=== Provided information ===

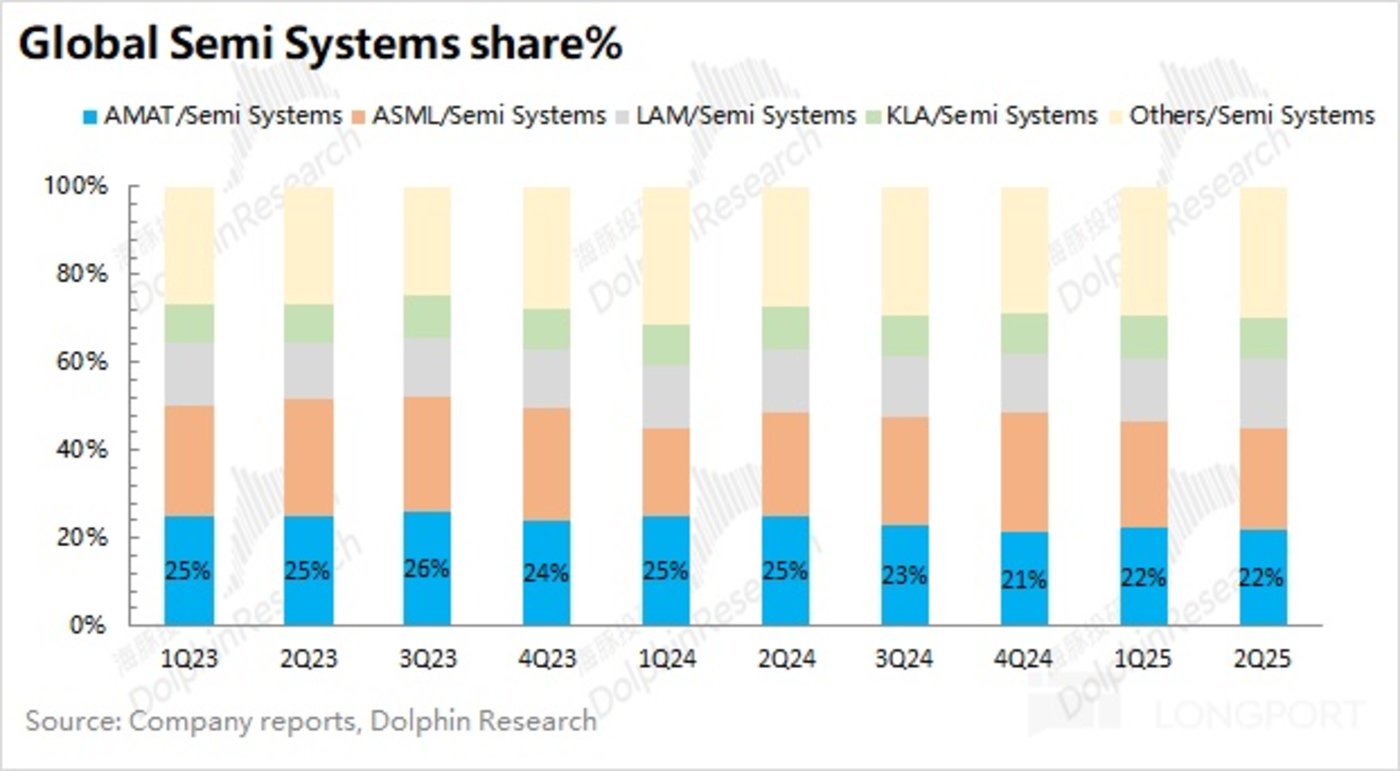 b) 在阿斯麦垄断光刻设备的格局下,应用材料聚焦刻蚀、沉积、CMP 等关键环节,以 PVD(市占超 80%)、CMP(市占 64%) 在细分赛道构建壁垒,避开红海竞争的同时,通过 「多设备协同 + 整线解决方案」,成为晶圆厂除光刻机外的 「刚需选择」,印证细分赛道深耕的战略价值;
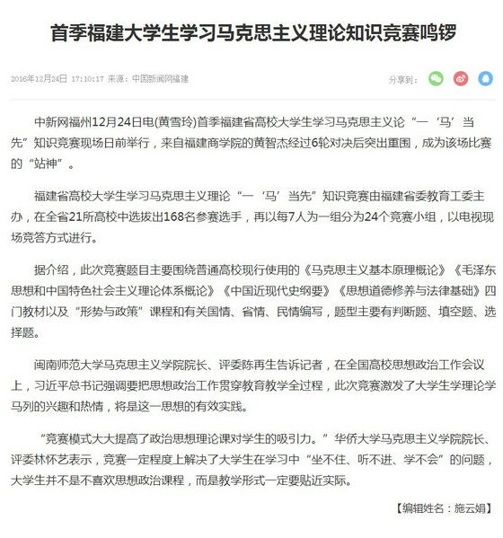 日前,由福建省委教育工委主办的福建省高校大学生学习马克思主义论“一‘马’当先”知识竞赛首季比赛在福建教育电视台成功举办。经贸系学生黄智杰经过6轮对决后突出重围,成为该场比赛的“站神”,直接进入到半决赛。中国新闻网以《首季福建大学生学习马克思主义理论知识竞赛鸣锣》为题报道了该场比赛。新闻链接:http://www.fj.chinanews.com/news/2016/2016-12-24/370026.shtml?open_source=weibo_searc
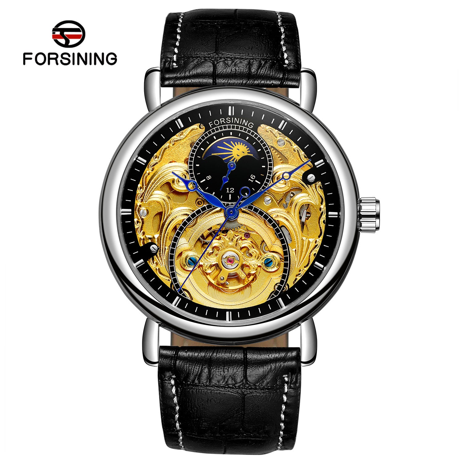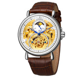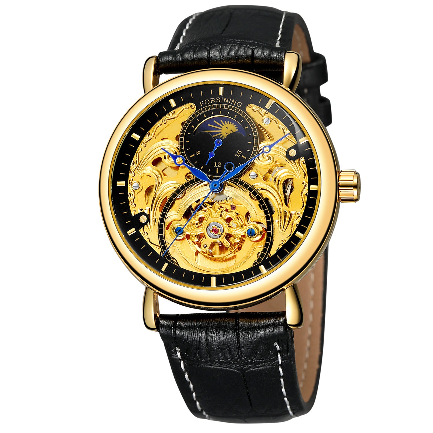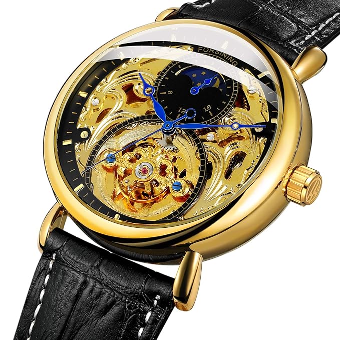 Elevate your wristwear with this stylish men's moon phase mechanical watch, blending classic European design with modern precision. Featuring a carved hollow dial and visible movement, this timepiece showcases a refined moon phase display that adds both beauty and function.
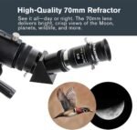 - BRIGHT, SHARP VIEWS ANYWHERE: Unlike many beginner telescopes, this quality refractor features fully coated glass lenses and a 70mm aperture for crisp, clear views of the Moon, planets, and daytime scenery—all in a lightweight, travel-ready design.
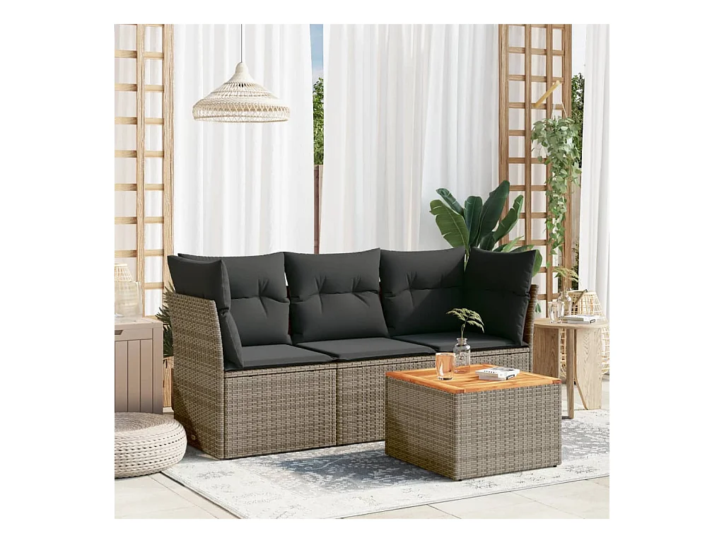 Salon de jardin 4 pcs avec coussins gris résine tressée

===
=== Provided information ===

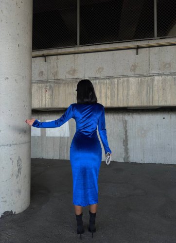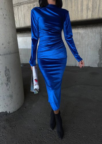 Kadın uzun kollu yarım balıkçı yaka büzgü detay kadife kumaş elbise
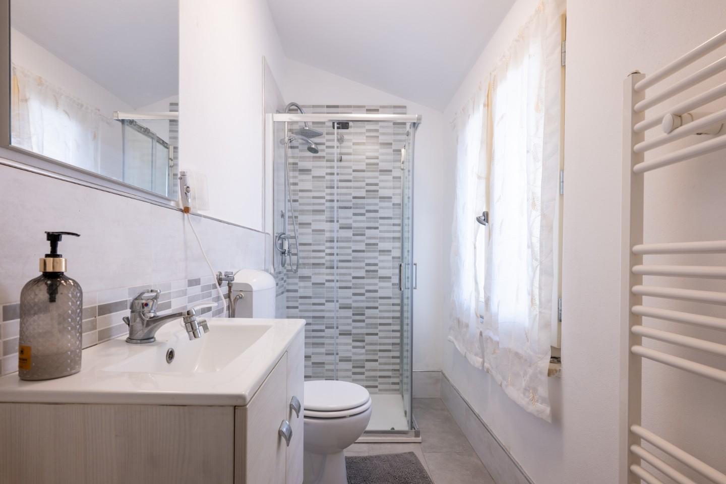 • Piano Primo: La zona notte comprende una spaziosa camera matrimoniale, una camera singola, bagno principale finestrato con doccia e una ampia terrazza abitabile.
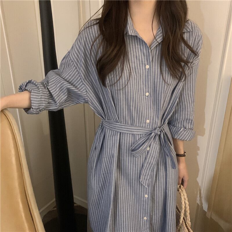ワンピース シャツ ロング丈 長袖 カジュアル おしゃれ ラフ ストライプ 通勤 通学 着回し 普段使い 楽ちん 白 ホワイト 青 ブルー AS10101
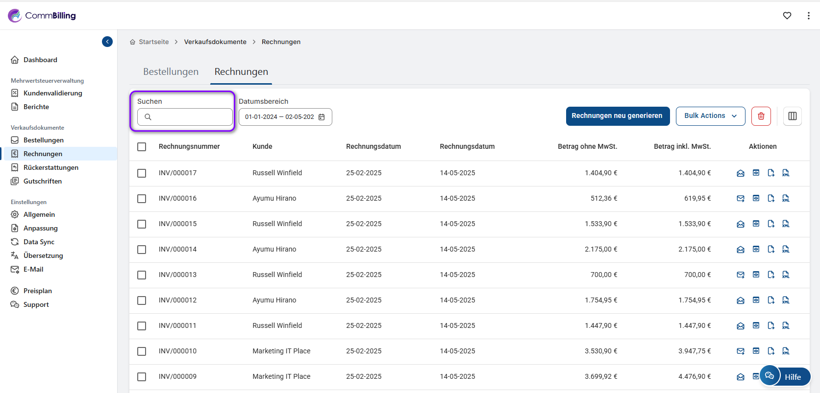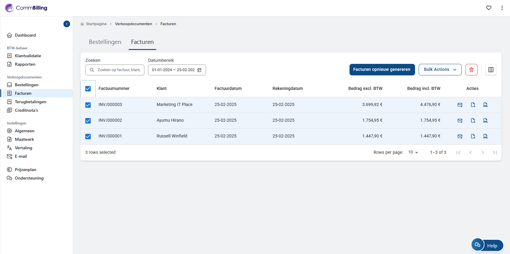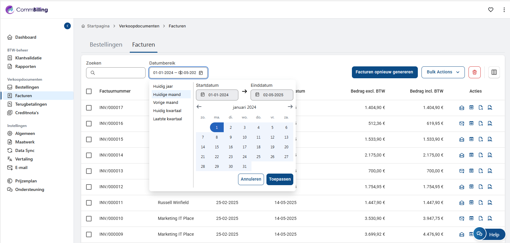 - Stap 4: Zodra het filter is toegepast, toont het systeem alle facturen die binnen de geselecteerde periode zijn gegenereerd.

===
=== Provided information ===

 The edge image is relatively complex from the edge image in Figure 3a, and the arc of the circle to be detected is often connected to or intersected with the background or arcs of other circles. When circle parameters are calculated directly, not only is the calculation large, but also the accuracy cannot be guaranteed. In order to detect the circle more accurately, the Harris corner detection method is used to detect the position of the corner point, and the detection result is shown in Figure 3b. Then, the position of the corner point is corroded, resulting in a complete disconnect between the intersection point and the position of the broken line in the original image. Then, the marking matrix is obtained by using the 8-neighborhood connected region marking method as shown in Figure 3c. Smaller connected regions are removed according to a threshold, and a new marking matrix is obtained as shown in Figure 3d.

===

Task directions> Starting at the line above that holds "- BRIGHT, SHARP", repeat every line exactly down to and including the line that holds "Salon de jardin", then stop. Do not carry over any pictures.

Exercise response>
 - BRIGHT, SHARP VIEWS ANYWHERE: Unlike many beginner telescopes, this quality refractor features fully coated glass lenses and a 70mm aperture for crisp, clear views of the Moon, planets, and daytime scenery—all in a lightweight, travel-ready design.
 Salon de jardin 4 pcs avec coussins gris résine tressée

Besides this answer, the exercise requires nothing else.